### Work request
Each entry is to be retyped exactly as it appears, and each image is to be dropped.

Records for the exercise Block Start

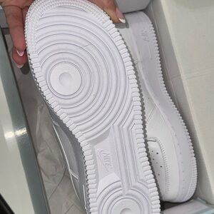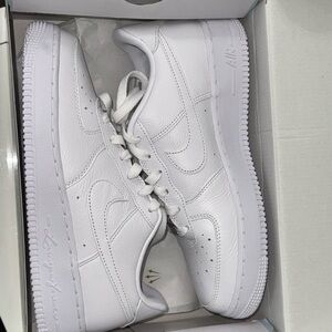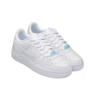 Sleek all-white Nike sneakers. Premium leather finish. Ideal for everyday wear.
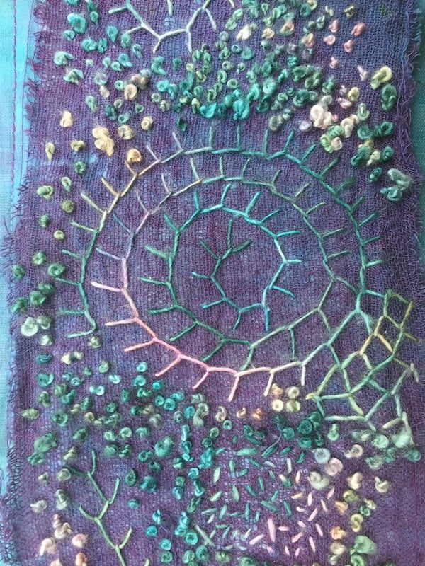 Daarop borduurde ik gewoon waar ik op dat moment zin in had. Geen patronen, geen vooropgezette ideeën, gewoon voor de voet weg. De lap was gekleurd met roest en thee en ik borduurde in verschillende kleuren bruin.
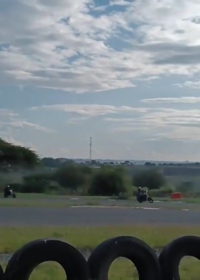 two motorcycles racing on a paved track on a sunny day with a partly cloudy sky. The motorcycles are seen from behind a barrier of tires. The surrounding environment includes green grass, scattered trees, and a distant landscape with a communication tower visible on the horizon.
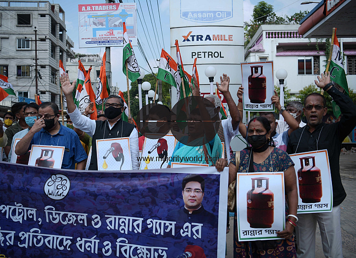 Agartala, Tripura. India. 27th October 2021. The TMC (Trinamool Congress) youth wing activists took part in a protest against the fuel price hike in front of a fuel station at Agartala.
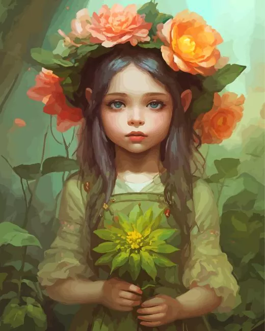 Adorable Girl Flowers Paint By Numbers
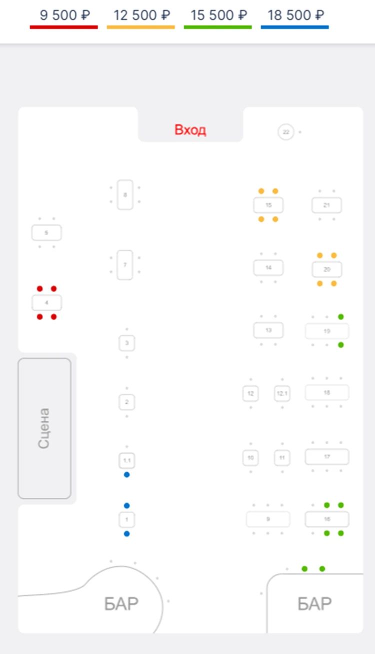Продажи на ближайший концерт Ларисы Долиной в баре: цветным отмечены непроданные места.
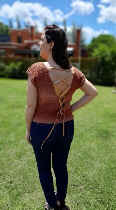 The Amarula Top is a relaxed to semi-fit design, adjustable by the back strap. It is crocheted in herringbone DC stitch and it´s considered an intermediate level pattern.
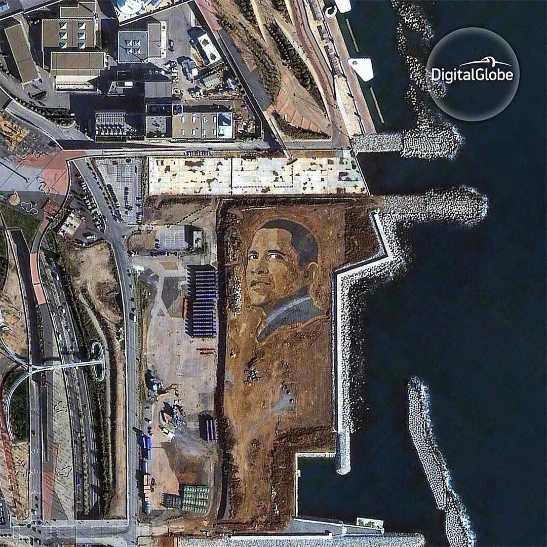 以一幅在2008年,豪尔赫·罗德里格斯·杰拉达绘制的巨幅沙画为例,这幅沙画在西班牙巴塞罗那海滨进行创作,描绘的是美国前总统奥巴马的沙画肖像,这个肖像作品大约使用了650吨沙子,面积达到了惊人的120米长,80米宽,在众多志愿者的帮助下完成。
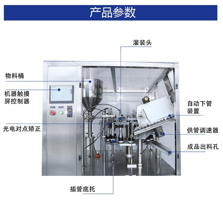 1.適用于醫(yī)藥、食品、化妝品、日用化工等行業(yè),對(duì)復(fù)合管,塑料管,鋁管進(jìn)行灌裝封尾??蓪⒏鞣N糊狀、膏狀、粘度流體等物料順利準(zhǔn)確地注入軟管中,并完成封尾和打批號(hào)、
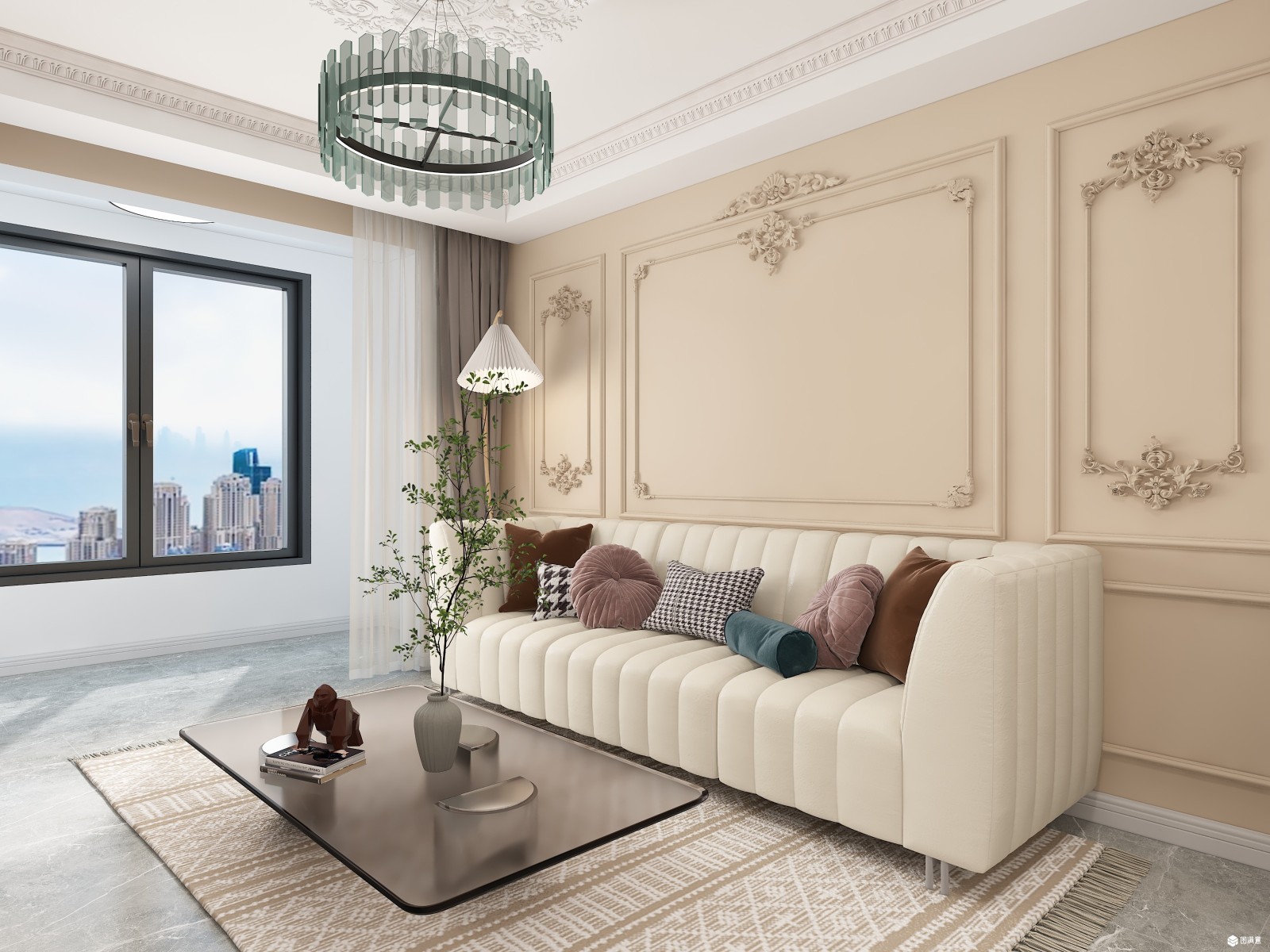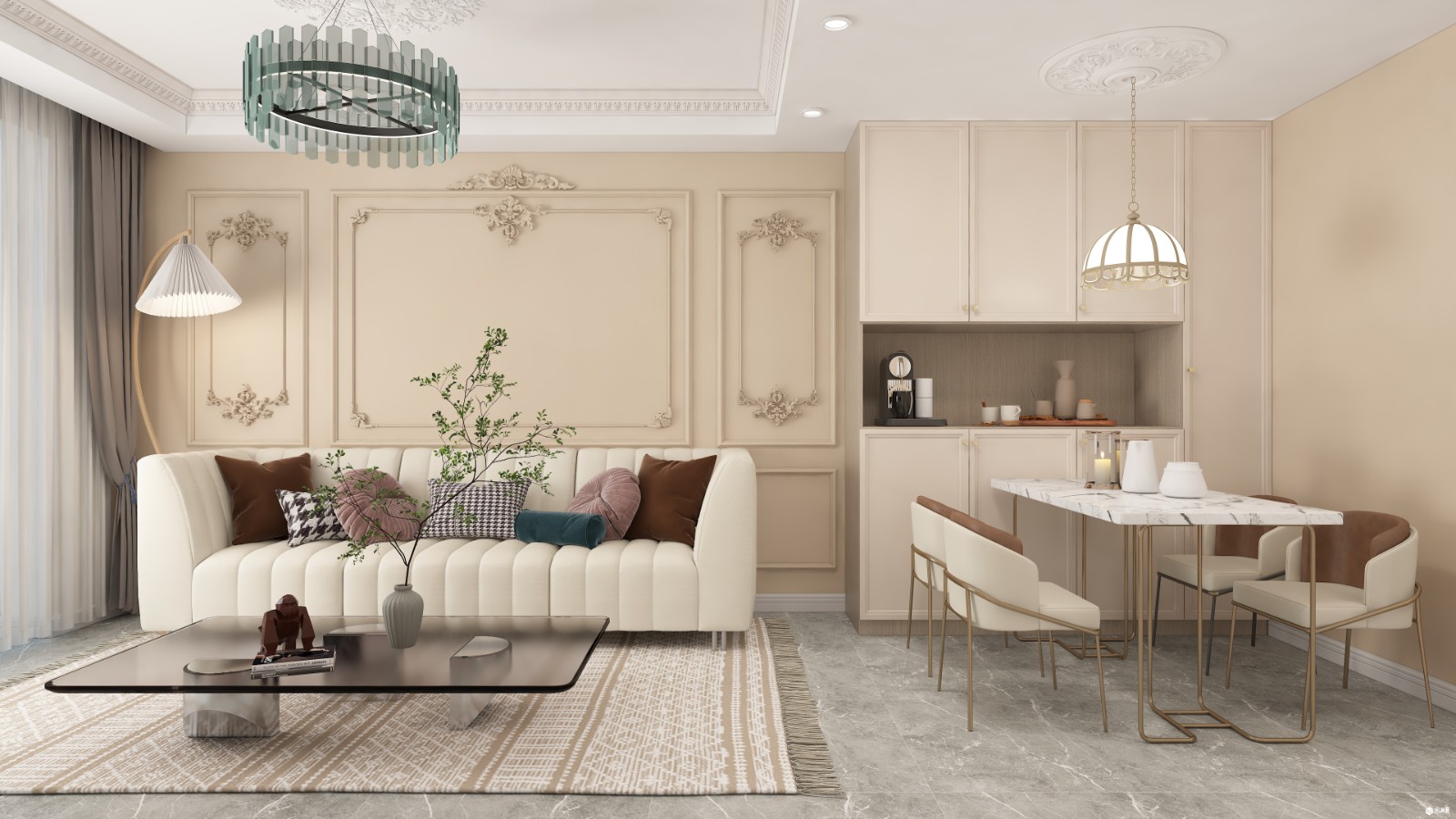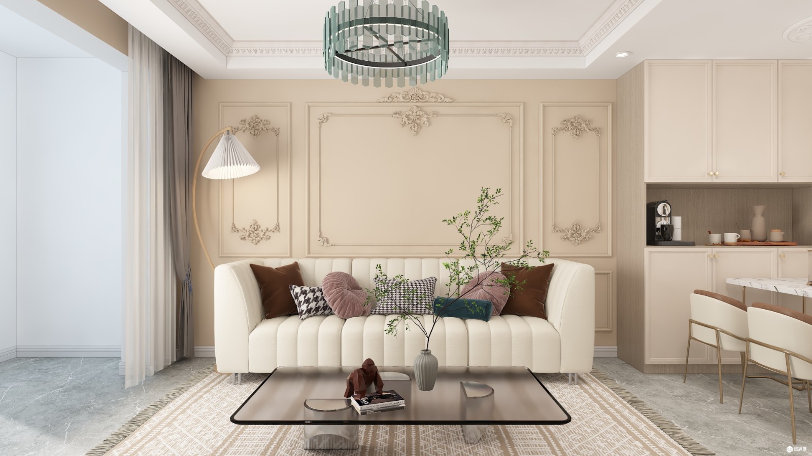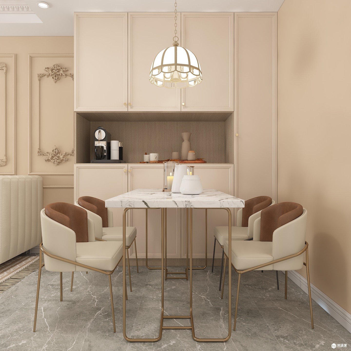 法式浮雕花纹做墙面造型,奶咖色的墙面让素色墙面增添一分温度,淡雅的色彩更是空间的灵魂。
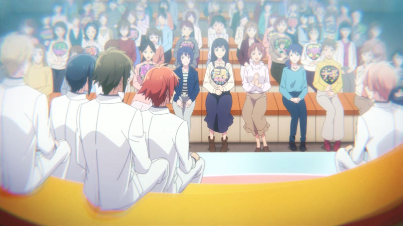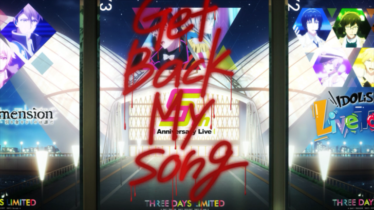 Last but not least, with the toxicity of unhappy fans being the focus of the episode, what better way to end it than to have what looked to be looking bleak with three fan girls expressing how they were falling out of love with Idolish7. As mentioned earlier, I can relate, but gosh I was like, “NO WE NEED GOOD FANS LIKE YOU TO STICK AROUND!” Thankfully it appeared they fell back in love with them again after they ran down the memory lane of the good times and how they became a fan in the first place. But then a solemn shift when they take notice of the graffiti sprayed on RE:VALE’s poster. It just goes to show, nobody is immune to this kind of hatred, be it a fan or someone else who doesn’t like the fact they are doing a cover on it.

Records for the exercise Block End

### Response box
 Sleek all-white Nike sneakers. Premium leather finish. Ideal for everyday wear.
 Daarop borduurde ik gewoon waar ik op dat moment zin in had. Geen patronen, geen vooropgezette ideeën, gewoon voor de voet weg. De lap was gekleurd met roest en thee en ik borduurde in verschillende kleuren bruin.
 two motorcycles racing on a paved track on a sunny day with a partly cloudy sky. The motorcycles are seen from behind a barrier of tires. The surrounding environment includes green grass, scattered trees, and a distant landscape with a communication tower visible on the horizon.
 Agartala, Tripura. India. 27th October 2021. The TMC (Trinamool Congress) youth wing activists took part in a protest against the fuel price hike in front of a fuel station at Agartala.
 Adorable Girl Flowers Paint By Numbers
Продажи на ближайший концерт Ларисы Долиной в баре: цветным отмечены непроданные места.
 The Amarula Top is a relaxed to semi-fit design, adjustable by the back strap. It is crocheted in herringbone DC stitch and it´s considered an intermediate level pattern.
 以一幅在2008年,豪尔赫·罗德里格斯·杰拉达绘制的巨幅沙画为例,这幅沙画在西班牙巴塞罗那海滨进行创作,描绘的是美国前总统奥巴马的沙画肖像,这个肖像作品大约使用了650吨沙子,面积达到了惊人的120米长,80米宽,在众多志愿者的帮助下完成。
 1.適用于醫(yī)藥、食品、化妝品、日用化工等行業(yè),對(duì)復(fù)合管,塑料管,鋁管進(jìn)行灌裝封尾??蓪⒏鞣N糊狀、膏狀、粘度流體等物料順利準(zhǔn)確地注入軟管中,并完成封尾和打批號(hào)、
 法式浮雕花纹做墙面造型,奶咖色的墙面让素色墙面增添一分温度,淡雅的色彩更是空间的灵魂。
 Last but not least, with the toxicity of unhappy fans being the focus of the episode, what better way to end it than to have what looked to be looking bleak with three fan girls expressing how they were falling out of love with Idolish7. As mentioned earlier, I can relate, but gosh I was like, “NO WE NEED GOOD FANS LIKE YOU TO STICK AROUND!” Thankfully it appeared they fell back in love with them again after they ran down the memory lane of the good times and how they became a fan in the first place. But then a solemn shift when they take notice of the graffiti sprayed on RE:VALE’s poster. It just goes to show, nobody is immune to this kind of hatred, be it a fan or someone else who doesn’t like the fact they are doing a cover on it.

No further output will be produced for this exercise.